*Information shown*:
= Beginning of Section =

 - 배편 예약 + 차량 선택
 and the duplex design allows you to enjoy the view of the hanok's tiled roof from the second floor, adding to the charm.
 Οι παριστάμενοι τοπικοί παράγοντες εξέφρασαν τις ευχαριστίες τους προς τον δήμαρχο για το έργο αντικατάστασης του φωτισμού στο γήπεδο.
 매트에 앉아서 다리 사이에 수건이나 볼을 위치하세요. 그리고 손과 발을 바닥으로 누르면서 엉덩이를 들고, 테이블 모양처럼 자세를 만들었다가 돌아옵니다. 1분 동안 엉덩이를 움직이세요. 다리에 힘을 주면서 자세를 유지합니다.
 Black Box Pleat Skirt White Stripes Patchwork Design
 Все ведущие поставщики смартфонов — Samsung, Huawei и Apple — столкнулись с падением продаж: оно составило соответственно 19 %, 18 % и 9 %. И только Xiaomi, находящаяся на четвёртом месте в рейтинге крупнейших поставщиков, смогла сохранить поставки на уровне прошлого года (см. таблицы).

= End of Section =
= Beginning of Section =

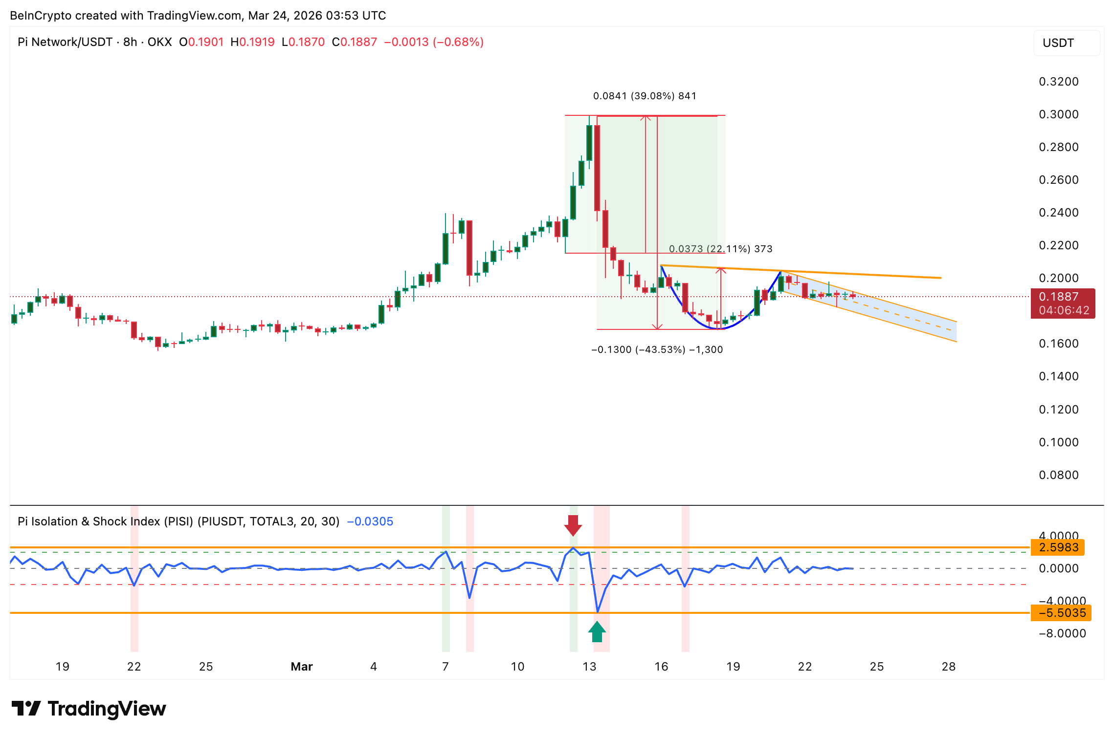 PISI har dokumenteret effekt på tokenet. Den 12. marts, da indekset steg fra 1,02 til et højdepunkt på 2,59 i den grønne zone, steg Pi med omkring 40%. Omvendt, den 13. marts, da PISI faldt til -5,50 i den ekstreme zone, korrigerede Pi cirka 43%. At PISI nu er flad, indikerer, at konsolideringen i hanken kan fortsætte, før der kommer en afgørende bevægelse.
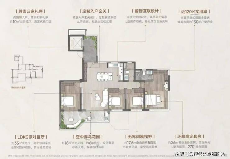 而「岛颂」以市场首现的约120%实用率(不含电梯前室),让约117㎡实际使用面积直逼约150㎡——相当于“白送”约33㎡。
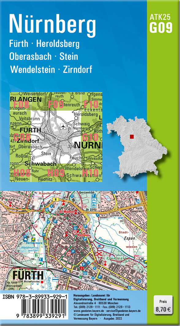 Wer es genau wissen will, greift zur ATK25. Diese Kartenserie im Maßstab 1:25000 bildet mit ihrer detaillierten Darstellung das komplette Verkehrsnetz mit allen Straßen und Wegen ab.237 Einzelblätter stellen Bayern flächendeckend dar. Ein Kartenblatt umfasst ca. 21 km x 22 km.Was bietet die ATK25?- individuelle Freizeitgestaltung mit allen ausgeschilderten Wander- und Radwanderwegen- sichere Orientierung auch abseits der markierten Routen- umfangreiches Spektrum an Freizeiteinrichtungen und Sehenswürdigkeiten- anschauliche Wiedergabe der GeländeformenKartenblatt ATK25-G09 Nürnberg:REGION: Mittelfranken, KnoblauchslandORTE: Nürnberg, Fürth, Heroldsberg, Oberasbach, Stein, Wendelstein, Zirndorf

= End of Section =
= Beginning of Section =

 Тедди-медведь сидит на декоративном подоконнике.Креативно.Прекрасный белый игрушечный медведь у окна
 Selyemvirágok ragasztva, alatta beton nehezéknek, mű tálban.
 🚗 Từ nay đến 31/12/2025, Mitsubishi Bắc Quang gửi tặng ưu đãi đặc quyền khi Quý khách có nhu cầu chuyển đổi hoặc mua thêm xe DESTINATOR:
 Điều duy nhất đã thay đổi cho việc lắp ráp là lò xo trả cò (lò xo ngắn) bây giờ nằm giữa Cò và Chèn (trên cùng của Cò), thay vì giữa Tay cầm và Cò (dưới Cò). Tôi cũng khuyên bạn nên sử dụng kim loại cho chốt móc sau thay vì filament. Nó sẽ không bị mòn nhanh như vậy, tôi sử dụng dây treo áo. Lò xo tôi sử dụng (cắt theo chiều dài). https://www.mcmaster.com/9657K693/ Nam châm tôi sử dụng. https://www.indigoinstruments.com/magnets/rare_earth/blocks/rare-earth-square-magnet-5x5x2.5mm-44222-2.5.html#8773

= End of Section =

*Action item*: Using the data above, print exactly the lines from the line that contains "and the duplex" through the line that contains "Οι παριστάμενοι τοπικοί", with both included.

*Your solution*:
 and the duplex design allows you to enjoy the view of the hanok's tiled roof from the second floor, adding to the charm.
 Οι παριστάμενοι τοπικοί παράγοντες εξέφρασαν τις ευχαριστίες τους προς τον δήμαρχο για το έργο αντικατάστασης του φωτισμού στο γήπεδο.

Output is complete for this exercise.